__MATERIAL FOR THIS EXERCISE__:
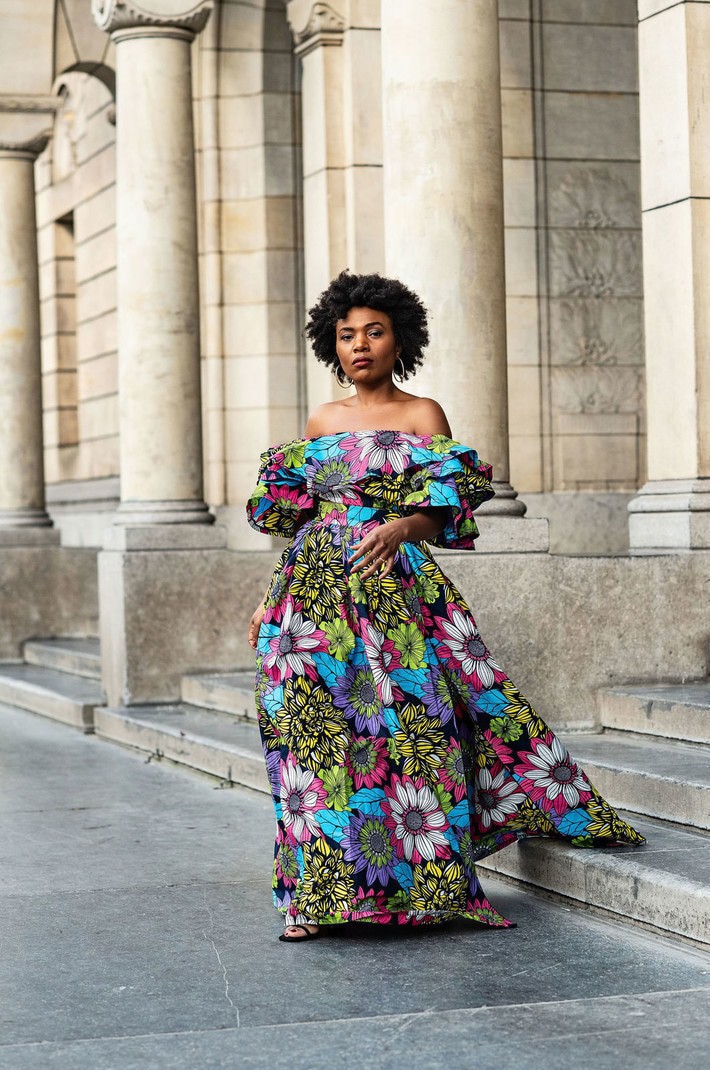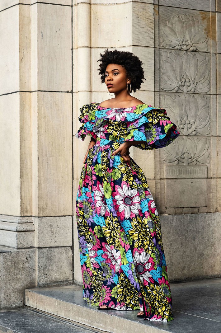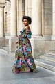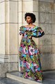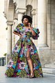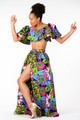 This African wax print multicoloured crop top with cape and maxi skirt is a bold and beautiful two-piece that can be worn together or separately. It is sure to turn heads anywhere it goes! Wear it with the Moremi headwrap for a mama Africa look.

* * *

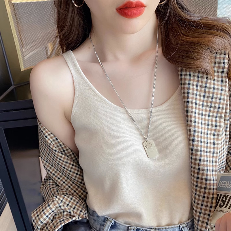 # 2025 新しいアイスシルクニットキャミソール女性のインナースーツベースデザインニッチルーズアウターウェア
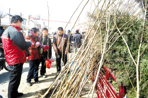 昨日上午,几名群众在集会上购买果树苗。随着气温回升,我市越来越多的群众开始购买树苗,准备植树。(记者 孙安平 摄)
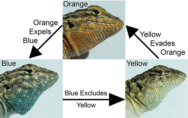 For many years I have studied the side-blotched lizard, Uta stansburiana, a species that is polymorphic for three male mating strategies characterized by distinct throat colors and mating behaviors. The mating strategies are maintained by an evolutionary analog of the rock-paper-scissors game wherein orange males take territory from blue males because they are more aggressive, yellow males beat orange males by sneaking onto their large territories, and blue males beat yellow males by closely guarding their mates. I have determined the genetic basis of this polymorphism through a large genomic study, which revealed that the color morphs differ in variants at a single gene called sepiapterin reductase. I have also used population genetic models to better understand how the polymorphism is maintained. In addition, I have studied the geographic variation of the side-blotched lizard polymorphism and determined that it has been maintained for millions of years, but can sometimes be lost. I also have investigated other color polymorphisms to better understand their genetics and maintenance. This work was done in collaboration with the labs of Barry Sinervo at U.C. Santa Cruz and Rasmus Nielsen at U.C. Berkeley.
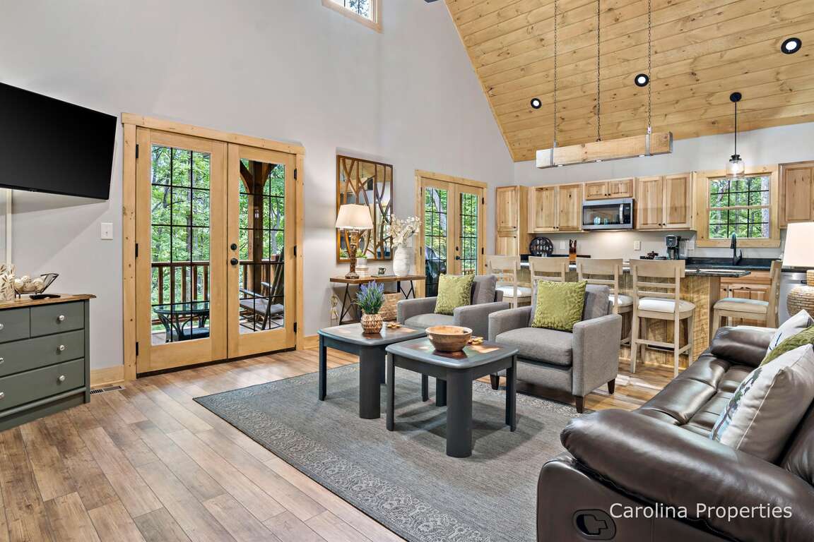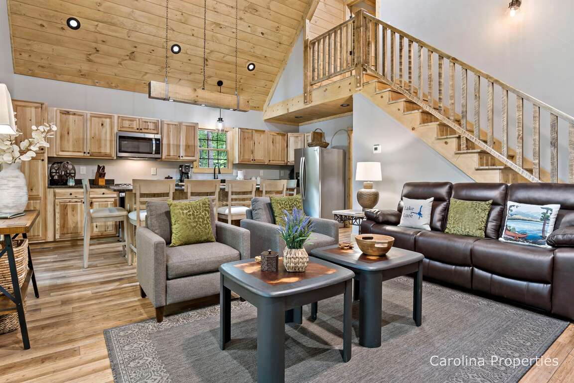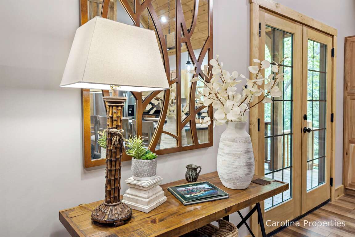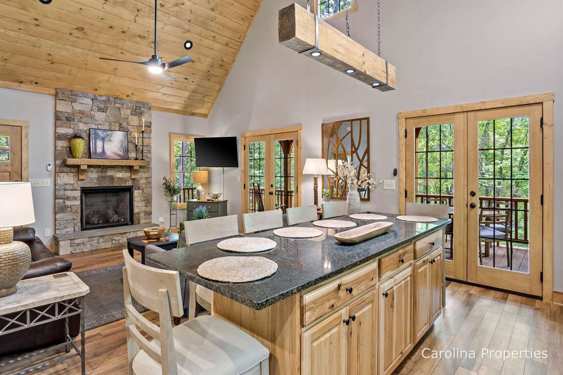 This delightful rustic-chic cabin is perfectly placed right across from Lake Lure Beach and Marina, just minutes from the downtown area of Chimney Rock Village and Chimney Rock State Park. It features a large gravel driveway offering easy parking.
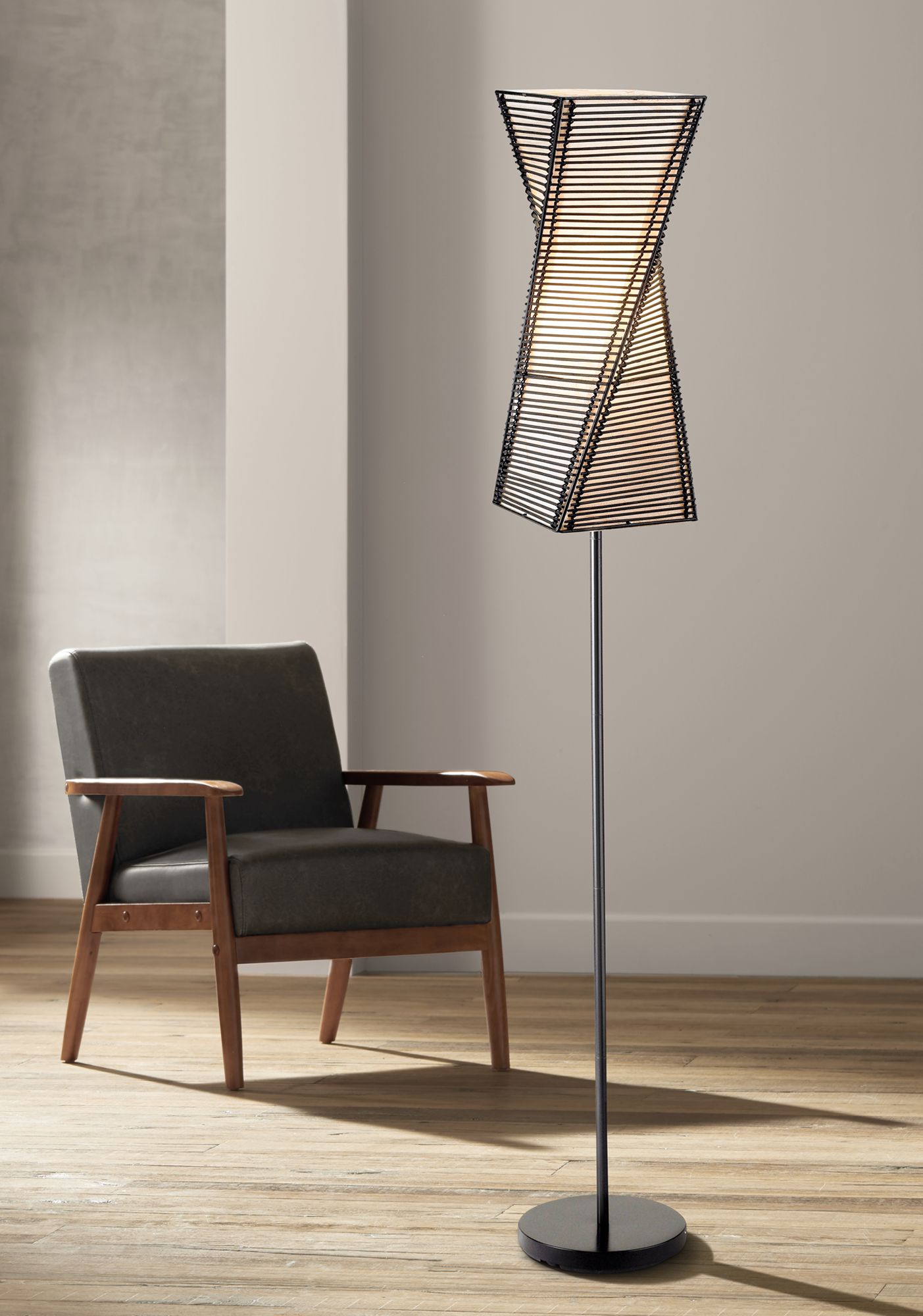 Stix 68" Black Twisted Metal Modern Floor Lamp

* * *

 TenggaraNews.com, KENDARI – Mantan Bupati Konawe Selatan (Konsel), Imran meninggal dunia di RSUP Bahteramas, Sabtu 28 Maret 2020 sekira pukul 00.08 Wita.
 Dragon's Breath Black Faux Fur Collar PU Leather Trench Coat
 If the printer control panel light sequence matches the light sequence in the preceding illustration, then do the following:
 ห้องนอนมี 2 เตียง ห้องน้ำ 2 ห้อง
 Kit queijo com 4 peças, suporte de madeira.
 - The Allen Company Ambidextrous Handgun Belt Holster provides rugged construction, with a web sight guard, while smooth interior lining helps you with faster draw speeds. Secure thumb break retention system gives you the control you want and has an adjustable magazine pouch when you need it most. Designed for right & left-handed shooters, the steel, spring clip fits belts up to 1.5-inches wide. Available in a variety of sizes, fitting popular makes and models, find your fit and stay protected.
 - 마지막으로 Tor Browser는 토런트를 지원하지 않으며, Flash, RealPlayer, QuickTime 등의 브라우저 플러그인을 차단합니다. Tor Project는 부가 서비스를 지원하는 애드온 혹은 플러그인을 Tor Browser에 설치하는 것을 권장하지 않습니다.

__ASSIGNMENT__:
Using the records above, set down exactly the lines from the one with "Dragon's Breath Black" through the one with "Kit queijo com 4 peças, suporte de madeira.", inclusive, and nothing more.

__TASK RESULT__:
 Dragon's Breath Black Faux Fur Collar PU Leather Trench Coat
 If the printer control panel light sequence matches the light sequence in the preceding illustration, then do the following:
 ห้องนอนมี 2 เตียง ห้องน้ำ 2 ห้อง
 Kit queijo com 4 peças, suporte de madeira.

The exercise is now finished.